Play the game, watch the movie

The mysterious Cube Escape series takes on a new dimension.

You wake up in a strange room. The doors are locked, spooky artifacts are all around. Soon it becomes clear that to make your way out, you will have to solve a series of complex and, at times, absurd puzzles. Welcome to Cube Escape: Paradox.

Spot the difference? The short film is very closely linked to the game.

Paradox’s mechanics will be familiar to fans of the series and the ‘room escape’ genre in general – find objects and use them to solve puzzles. But there’s a lot more going on beneath the surface.

For a start, you have the choice of playing the game or watching the short film based on the same story and setting. Better yet: do both and you get an even deeper understanding of what’s going on in this strange universe.

This weird world has taken on an extra dimension with the arrival of the movie.

“Fans will feel right at home [watching the movie],” says Rusty Lake co-founder Robin Ras. “A lot of the props in the room are replicas of objects from our games, so it’s very recognisable.”
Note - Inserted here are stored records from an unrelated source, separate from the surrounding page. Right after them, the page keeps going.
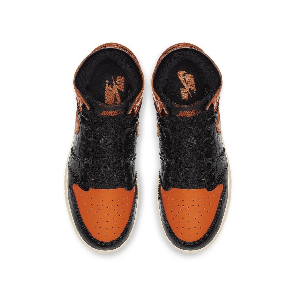 L'Air Jordan 1 GS "Shattered Backboard 3.0" è una versione giovanile di una delle tonalità Air Jordan 1 non originali più ricercate. La colorazione "Shattered Backboard 3.0" è ispirata a un gioco di esibizione internazionale durante la prima stagione NBA di Michael Jordan e ha una combinazione di colori simile ai suoi predecessori con alcune lievi modifiche cruciali. La pelle standard è stata sostituita con vernice stropicciata nelle prime due edizioni della scarpa. Il pannello centrale, l'avampiede e il colletto alla caviglia sono rivestiti in pelle lucida nera, con pelle arancione a contrasto sul logo Swoosh sopra il pannello centrale, così come la punta traforata e il pannello laterale.
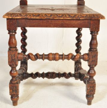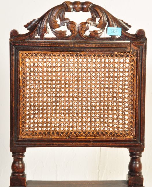 A 19th century Victorian mahogany carved chair having a pierced top rail with acanthus leaf decoration and cane back and decorative carved seat raised upon barley twist and carved supports united by stretchers.
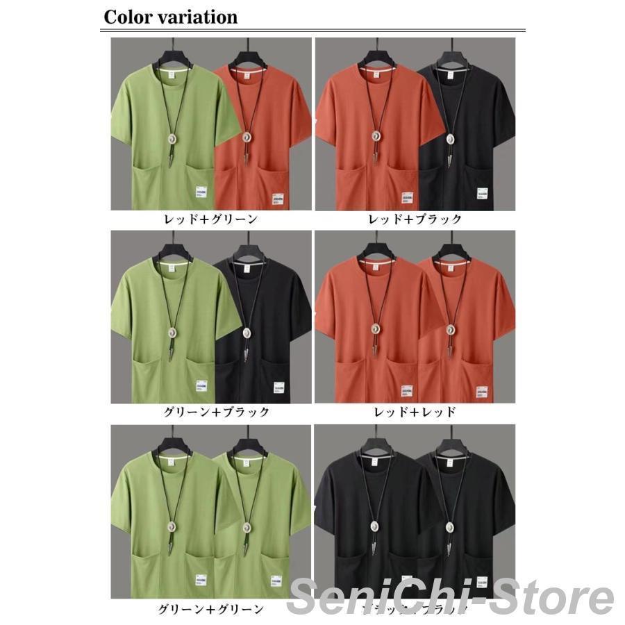 tシャツ カットソー ポケットtシャツ メンズファッション 人気 レッド+グリーン レッド+ブラック グリーン+ブラック レッド+レッド グリーン+グリーン ブラック+ブラック M L XL 2XL 3XL 4XL 5XL
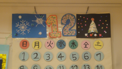 今回は、12月のカレンダーの飾り付けをしてもらいました。
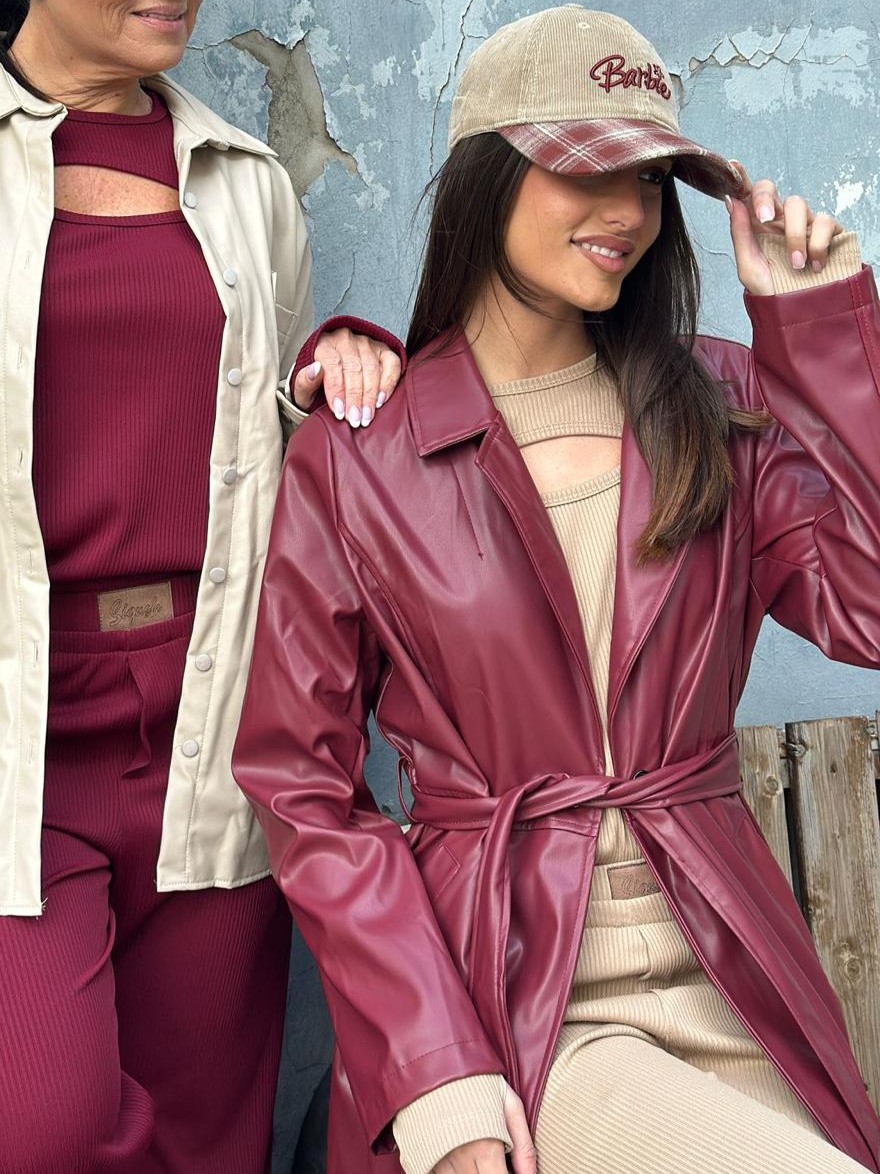 ג'קט דמוי עור משולב חגורה בצבע תואם לקשירה במותן.

“The idea for a movie actually originated with our fans,” continues Ras. “We got the suggestion to make a film on social media and we even saw fan-made trailers online.”

Shot in the Czech Republic and directed by one of Ras’s former classmates, the movie aims to capture the same eerie feeling of being trapped and having to solve bizarre puzzles to escape. The room in both the game and the film are the same and players will encounter the same objects as presented in the movie.

There are further secrets to be found in the links between the game and film.

But it wouldn’t be the Cube Escape series if both the movie and the game didn’t have some secrets to uncover. Ras promises that fans who engage with both, and figure out the unique connection between the two, will get access to some exclusive content.

In producing both a film and a game, Rusty Lake makes the most of the series’ highly developed backstories. And it also plays to the dedicated fanbase that can’t wait for every new release to hit their devices.

“The fans really love [the universe]. There’s a wiki with all the info so far about this world we created, and it’s run by a fan – honestly, we use it all the time to keep track of the stories we write as well,” laughs Ras.

A passionate fanbase of sleuths helped fund the movie, too.

The fans also made the movie a reality. Rusty Lake set up a crowdfunding campaign to finance the production and raised more than double the goal amount. It shows that Ras and his co-founder Maarten Looise have really engaged with their fans.

“We have direct contact with them through social media and ask them for input all the time. For example, the Cube Escape games have always been free to download. When we were thinking of putting out our first premium game under the Rusty Lake name, we literally asked our fans if they would be okay with us doing this,” explains Ras. “The response we got was very positive.”

With Cube Escape: Paradox Rusty Lake has finished its thirteenth game in three years – and its first film. Considering that fans can’t seem to get enough, the limits of the Cube Escape universe have surely yet to be reached.